帝人/RFIDの新システム構築/ローソンと提携で実現

2018年10月12日 (金曜日)

 帝人は、ローソンと提携し、棚管理システム「レコピック」を使用したリアルタイム在庫管理システムを開発した。商品棚にRFID(無線通信による商品の個別管理システム)センサーを設置することで店外でも商品の陳列状況などが把握できる。2019年2月に実店舗で実証実験を始める。

 レコピックは、位置情報や入出庫情報を効率的に把握できるシステム。特殊な2次元シートを使用することで一度に大量の書類や物品を正確に管理することが可能で、図書館や工場、医療機関などで採用が進む。今回の新システム開発でICタグの最大市場である小売分野に参入する。

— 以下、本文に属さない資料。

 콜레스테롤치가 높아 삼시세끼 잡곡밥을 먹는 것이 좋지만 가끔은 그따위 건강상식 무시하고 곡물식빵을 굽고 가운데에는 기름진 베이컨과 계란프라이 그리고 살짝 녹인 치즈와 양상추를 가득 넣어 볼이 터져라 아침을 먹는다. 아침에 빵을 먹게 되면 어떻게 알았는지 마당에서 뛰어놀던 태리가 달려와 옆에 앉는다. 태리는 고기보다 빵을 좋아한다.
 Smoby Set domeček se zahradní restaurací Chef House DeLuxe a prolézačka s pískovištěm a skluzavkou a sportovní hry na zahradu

 ローソンが17年11月に開設したオープンイノベーションラボにレコピックを導入し実験を開始した。RFIDセンサーによって陳列情報や在庫状況の常時確認が可能になり、管理工数の削減につながる。在庫状況と商品の賞味期限の情報をひも付けることで、的確なディスカウント戦略を講じることもできる。

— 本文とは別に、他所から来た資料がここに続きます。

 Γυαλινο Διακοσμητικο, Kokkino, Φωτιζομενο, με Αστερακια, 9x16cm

 一方の消費者はコンビニエンスストアチェーンが提供するアプリを活用して事前に在庫状況を知ることができ、求める商品を買い逃す心配がなくなる。メーカーは販売促進などに結び付き、「店舗、消費者、メーカーの全てにメリットがある」(帝人)と話す。1店舗当たりの導入費用は数十万円に抑える。

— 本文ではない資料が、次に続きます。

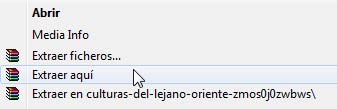 3° Pulse clic derecho sobre el archivo comprimido y elija la opción Extraer aquí.

 帝人のスマートセンシング事業推進班は、技術開発を続けることでアパレル関連や百貨店の靴売り場の在庫管理などへも広げるとし、20年にレコピックの売上高を20億円規模に育てる。「ICタグの価格が下がり、需要が拡大すれば25年には3桁億円の事業への成長」も見込めるとした。

 新システムは16~19日に幕張メッセ(千葉市)で開催される「シーテック ジャパン2018」のローソンブースに出展し、来場者に披露する。